The Year in Avatars

What are the selves we paint out there but a kaleidoscopic refraction of our multiple desires for who we wish to be?

Hazlitt regular contributor Navneet Alang writes about the weirdness and wonder of modern techno-culture. He has a PhD that is technically in English...

What was important to us in 2016? Hazlitt’s writers reflect on the year’s issues, big and small.

As the kind of ordinary, emotionally balanced man who can go years without crying, each time it happens is an event. Although I spent most of 2015 uncharacteristically weeping over something like a breakup, this year things returned to normal. Tears only came once, and in exactly the way they’re supposed to: There I was, “free associating” with my psychoanalyst about the week’s events, when suddenly I hit upon a phrase that stuck in my throat. The words I struggled to get out—“then there’d be no one!”—revealed that, even at nearly forty, I’ve been so unwilling to cast off my family because it’s in them I locate a vision of myself as good, worthwhile, okay.. When I finally said it, I broke.

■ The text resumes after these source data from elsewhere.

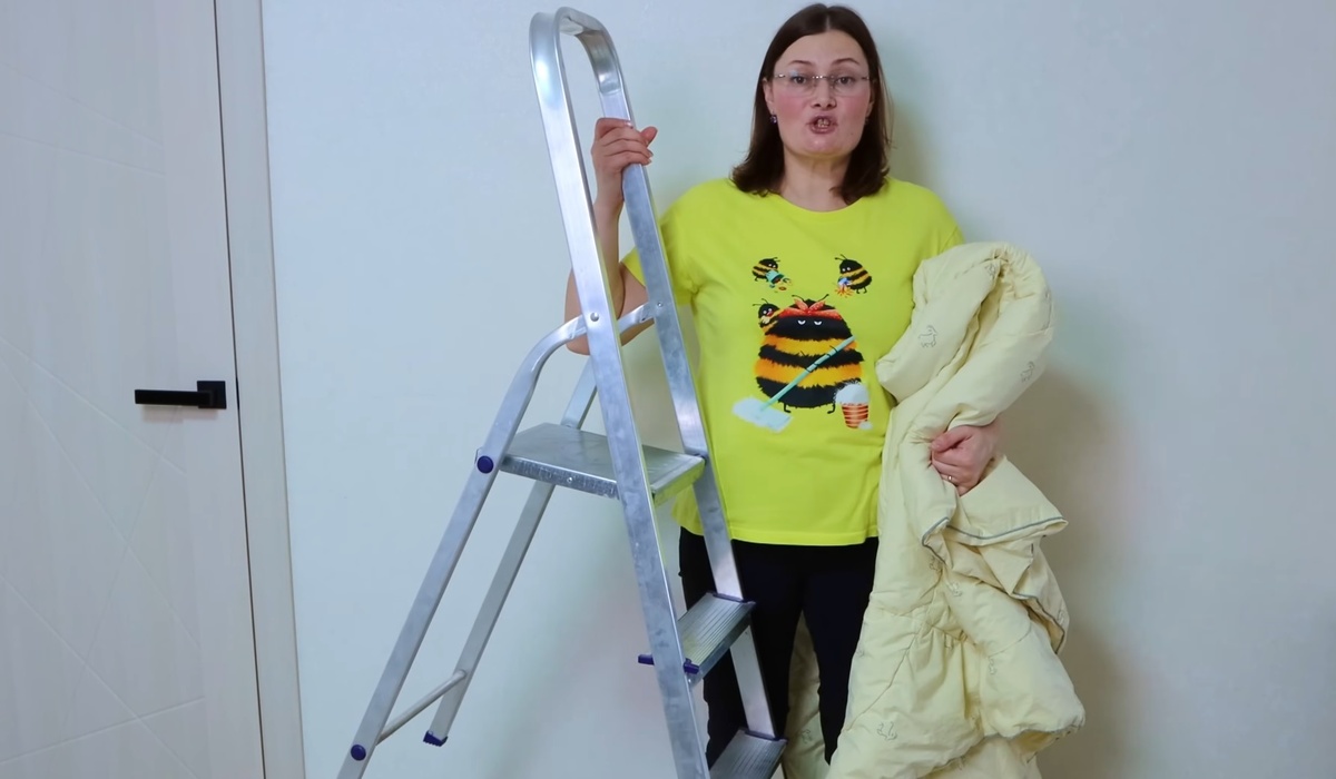 - Использование лестницы: Установите стремянку или лестницу в ванной комнате и накиньте одеяло так, чтобы оно свободно дышало. Влага будет быстро стекать, а ткань просохнет равномерно.
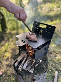 Prodám rozkládací cestovní gril velikosti papíru A4 a váhy 4,5 kg. buď černý plech 2 mm za 1990,- nebo nerez 2mm za 3487,- plně stravitelný jak rošty tak jehlice na špízy s možnosti ohniště , určeno pro jakékoli cestování. Vše naše výroba.
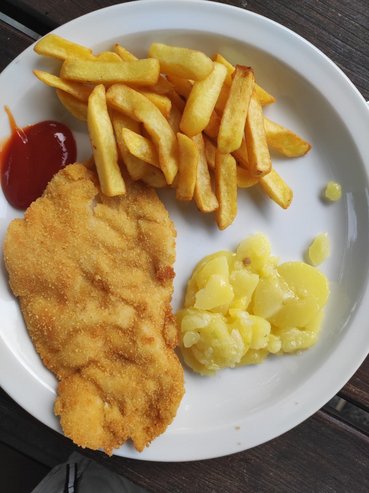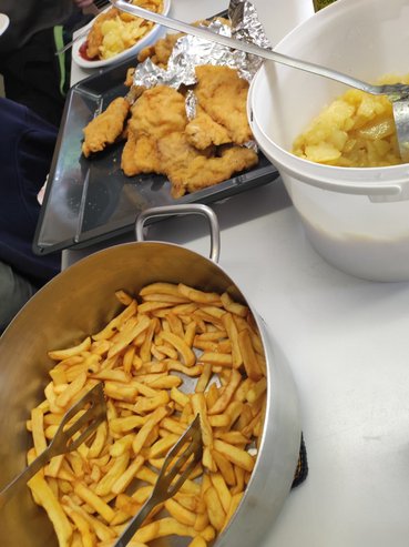 Punkt 12:00 Uhr – die Agenten beendeten ihre laufenden Missionen und sammelten sich im Hauptquartier zur gemeinsamen Stärkung. Auf dem Menüplan: knusprige Einsatz-Schnitzel, begleitet von goldenen Agenten-Fritten und klassischem Kartoffelsalat – eine Mahlzeit, die Kraft für den weiteren Einsatz versprach. Mit Präzision wurden die Teller gefüllt, und innerhalb kürzester Zeit herrschte konzentrierte Stille am Tisch – einzig das Klirren der Gläser und das leise Klacken der Messer war zu hören.
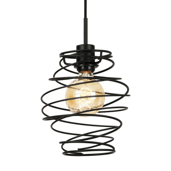 Suspension à 1 lampe Black Steel avec spirales métalliques décoratives La suspension Black Steel attire le regard dans les endroits les plus divers. La suspension à 1 lampe est équipée de spirales métalliques décoratives qui, partant de la douille, sont disposées en désordre vers le bas et entourent l'ampoule. On a presque l'impression que les spirales bougent au moindre souffle de vent. Le luminaire est particulièrement beau avec une ampoule globe aux nuances dorées. L'ampoule n'est pas fournie, mais peut être commandée en même temps.

It has always been like this for me. When I land upon the right words to reveal the thing I’ve been desperately repressing, they are like a key that unlocks a dam (I’m assuming this is how dams work). Once, after a four- or five-year drought, in a piazza in Sicily, the phrase “I just want someone to tell me I’m doing okay” drew out wracking, overdue sobs, putting all my fanciful talk of not caring what others think to rest. Another time, it was confessing to my then-girlfriend about our impending move from Edinburgh to Ireland: “I’m scared.” So much for my need to be alone; I was just afraid of commitment. These are embarrassing examples, ones that I should probably keep between my therapist and me, but they are what they are.

For those who cry for more ordinary reasons—from stress, or heartache, or binge-watching Lovesick on Netflix which, I swear, is a good show even though it was originally called Scrotal Recall—this year’s tears were capped off with a new, slightly more puzzling form of sorrow: the victory of Donald Trump. People were sobbing at their desks, weeping on their couches, miserable about what was, for many of them, a political result in a foreign country. Nonetheless, the election felt like an upending, a rupture, as if a series of failsafes had in fact failed. It wasn’t just the obvious—that among presidents, Trump seems both uniquely unqualified and genuinely stupid, or that he seems to have both unleashed and endorsed the very worst of the American id—but that one’s understanding of a certain order in the world, and a trajectory to history, had been shaken. Simmering unspoken beneath it, too, in my social circle of mostly academics and journalists, was an anxiety about who was controlling the narrative—not so much the worry that the inmates were running the asylum as that the Gamergaters and 4channers were.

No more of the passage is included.